What are we Afraid of? What Should we be Afraid of?

 

          On March 20 th, 2003, the United States abruptly and illegally invaded the sovereign nation of Iraq. At the time of invasion, legality was not an issue. The United States needed to remove an imminent threat to her safety. The United Nations and the rest of the world were not going to prevent the US from defending itself. This was a ludicrous idea. The shaky claims that pushed the country into war were reason enough to invade what turned out to be a nearly defenseless Iraq. To a majority of the populace, it was us or them. However as the dust began to clear, the unstable pillars justifying the invasion quickly began to crumble as fact upon fact refuted the claims produced by the Bush Administration. In retrospect, it has become obvious that the United States was falsely pushed into several states of fear in so that the illegal invasion of Iraq would appear legitimate in the eyes of the citizen.

          Responding towards the stipulation for vengeance following the September 11 th attacks, the Bush Administration hurled the United States, and several of its NATO allies, into an international “war on terror”. Targeting Osama Bin Laden, the Taliban, and more largely the Al Qaeda terror network, US troops were deployed in Afghanistan on a mission to eradicate global terrorism. The world was largely sympathetic towards the United States in this fight, explaining the NATO support, and the absence of controversy surrounding current US military operations. In an attempt to play off of this sympathy, the White House, for a brief period, maintained that Saddam held connections with the Al Qaeda network.

          In one of many speeches nudging the United States towards war with Iraq, Bush claimed that “There's no question that Saddam Hussein had Al Qaeda ties” ( 9/17/03). The White House never claimed Iraq played a role in the September 11 th attacks. However, the assertion that Iraq and Al Qaeda were working together make it is fair to presume that such fears were being utilized in the case against Iraq. Questionably, the correlation made to arouse such fears was largely unsubstantiated by US intelligence reports.
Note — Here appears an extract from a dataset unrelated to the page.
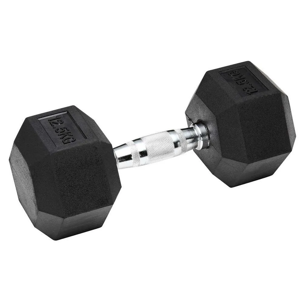 12.5KG Hex Rubber Dumbbell with Chrome Handle
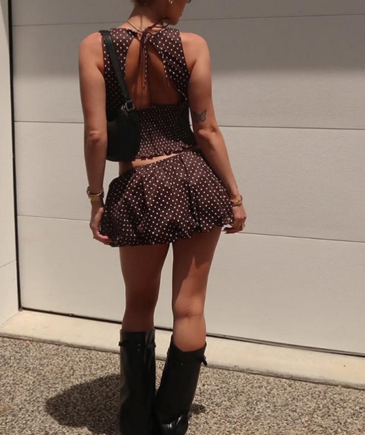 Playful yet sultry, this two-piece set features a smocked crop top with delicate tie accents, ruffle trims, and a charming crew neckline. The low-rise mini skirt matches in a breezy polka dot pattern, complete with a flirty cutout and backless detail for a daring summer vibe. Perfect for sunny getaways, rooftop brunches, or festival days.

          Miriam Sapiro, a writer for the American Journal of International Law, published an article entitled Iraq: The Sifting Sands of Preemptive Self-Defense. Regarding the proposed connection between Al Qaeda and Saddam, Sapiro says that “Despite the magnitude of its intelligence capabilities, the United States could not pinpoint... An [Al] Qaeda link [to] Iraq”. Yet even when most of the public had acknowledged that Iraq and Al Qaeda held no significant relations, Dick Cheney maintained that Saddam Hussein “had long-established ties with Al Qaeda” (6/24/04). In essence, Cheney justified the invasion by claiming to have saved the American people from a non existent fear.

          The final blow to the supposed connection between Al Qaeda and Iraq came with the 9-11 committees’ final report. As Douglas Jehl of the New York Times wrote: “the report of the Sept. 11 commission found no ‘collaborative relationship’ between the former Iraqi government and Al Qaeda”. Astonishingly even a commission with what many would consider an all access pass to United States intelligence could not link the two entities together. In the months before invasion, it was hard for the general populace to acknowledge outright that the Bush Administration was intentionally trying to scare the country into war. After all, it is possible to conclude that the Administration simply became a little to anxious following the September 11 th attacks. Ideally, if a country is presumed to be a threat, and that threat is later deemed invalid, the case for action against the country is also refuted. However, the intentions of the Whitehouse become questionable following the refutation of Saddam’s ties to Al Qaeda. Strangely the Whitehouse still presented reason to fear Iraq.